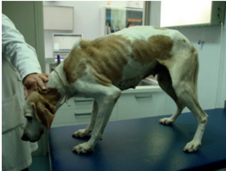
Imagen 8: Perro con dirofilariosis cardiopulmonar. Se presentó en consulta con los signos clínicos más frecuentes (tos, intolerancia al ejercicio y pérdida de peso progresiva). Se trataba de un perro de caza que hacía ejercicio intenso regularmente. Dado que la actividad física en perros infectados es un mal indicador pronóstico, se optó por hacer un estudio completo antes de iniciar tratamiento. El estudio de biomarcadores serológicos nos ayudó a clasificar la gravedad del animal, junto a las técnicas de diagnóstico por imagen.
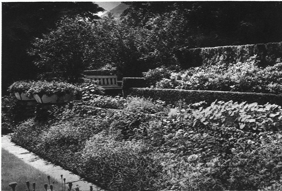
GARTEN SCHWEIZER Sitzplatz in der Südwestecke
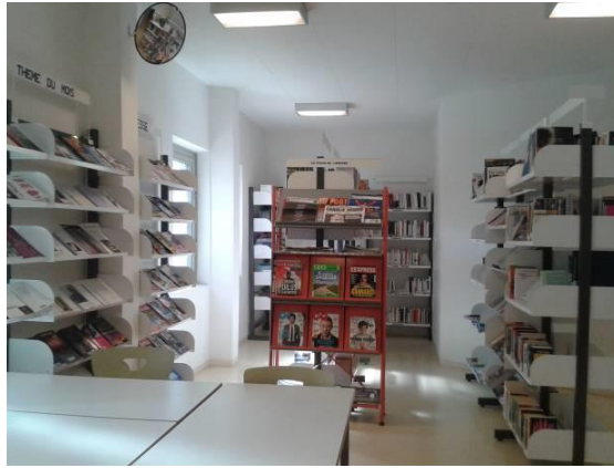
La bibliothèque du CD2
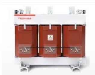
配電用モールド変圧器
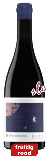
NIEUW MAS MAGNAN M.A.R.S 'grenache' 75cl | 08.590.07

Fruitbom! slightly chilled op zijn best!
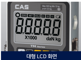
대형 LCD 화면
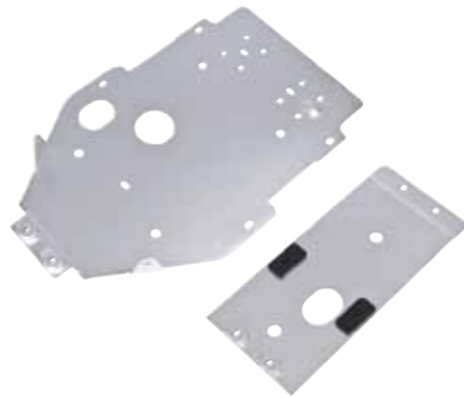
Aluminium Unterfahrerschutz Blade/Target
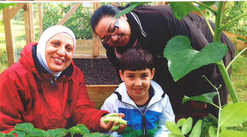
Arbeidet gir resultater i parsellhagene på Romsås.
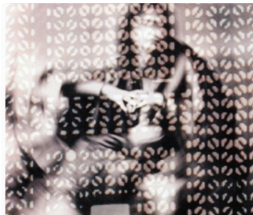
Micro-Folie Dives-sur-Mer Woman, musée de l'IMA, inv. PHO 06-05, don de l'artiste. © Susan Hefuna, Le Caire - 1997

Techniques : Photographies, plotter de découpe, bombes de peinture aérosol.
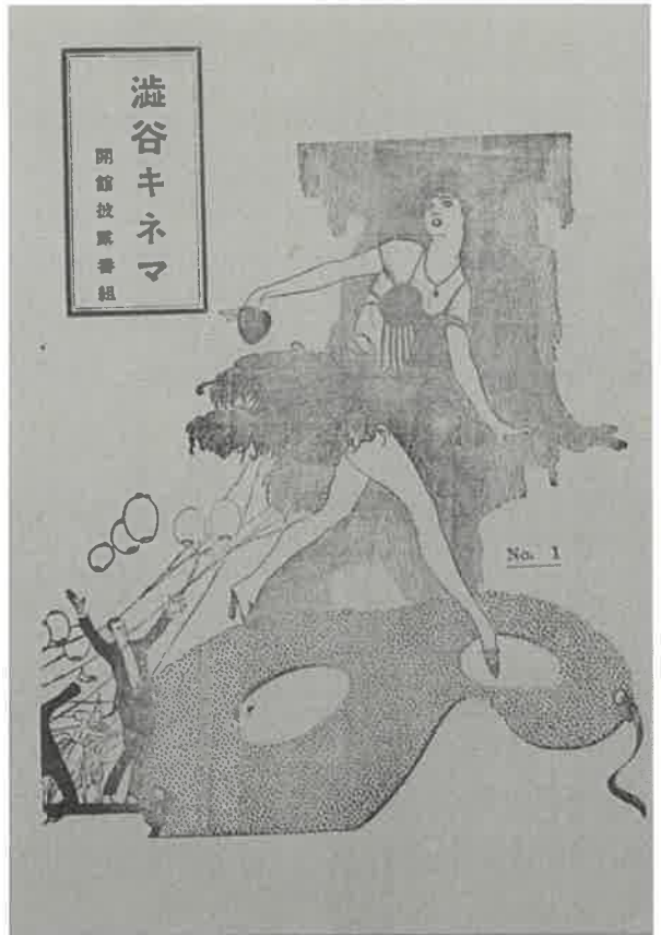
大正14年 渋谷キネマ 開館時のプログラム
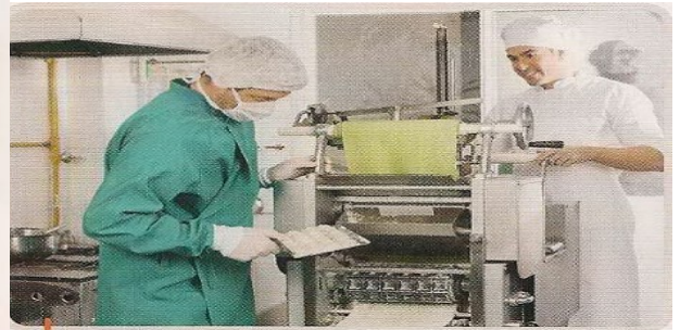
3. Porter des vêtements adaptés.
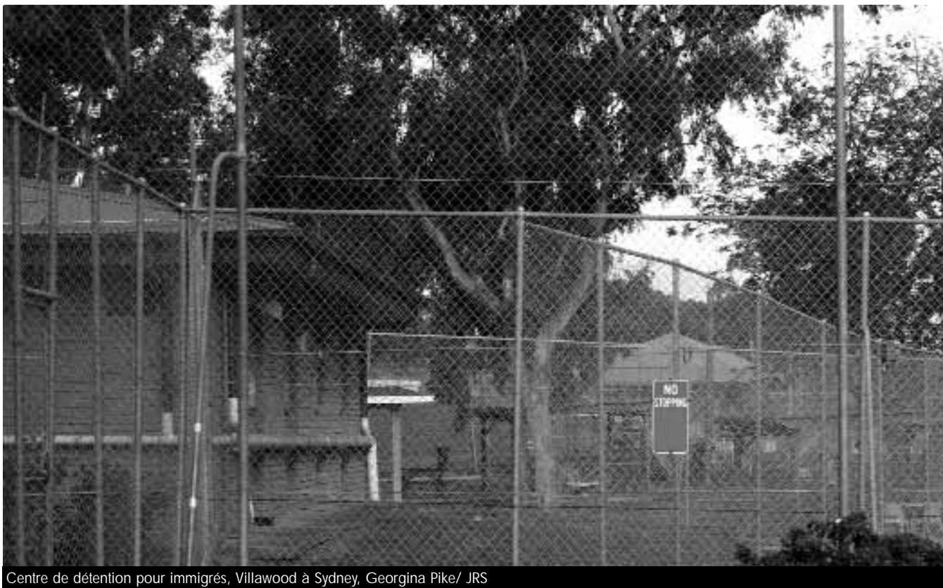
Centre de détention pour immigrants, Villawood à Sydney

§ ABOUT THIS TASK
Above are records to transcribe exactly; leave their pictures out.

§ FINISHED TASK
Imagen 8: Perro con dirofilariosis cardiopulmonar. Se presentó en consulta con los signos clínicos más frecuentes (tos, intolerancia al ejercicio y pérdida de peso progresiva). Se trataba de un perro de caza que hacía ejercicio intenso regularmente. Dado que la actividad física en perros infectados es un mal indicador pronóstico, se optó por hacer un estudio completo antes de iniciar tratamiento. El estudio de biomarcadores serológicos nos ayudó a clasificar la gravedad del animal, junto a las técnicas de diagnóstico por imagen.
GARTEN SCHWEIZER Sitzplatz in der Südwestecke
La bibliothèque du CD2
配電用モールド変圧器
NIEUW MAS MAGNAN M.A.R.S 'grenache' 75cl | 08.590.07

Fruitbom! slightly chilled op zijn best!
대형 LCD 화면
Aluminium Unterfahrerschutz Blade/Target
Arbeidet gir resultater i parsellhagene på Romsås.
Micro-Folie Dives-sur-Mer Woman, musée de l'IMA, inv. PHO 06-05, don de l'artiste. © Susan Hefuna, Le Caire - 1997

Techniques : Photographies, plotter de découpe, bombes de peinture aérosol.
大正14年 渋谷キネマ 開館時のプログラム
3. Porter des vêtements adaptés.
Centre de détention pour immigrants, Villawood à Sydney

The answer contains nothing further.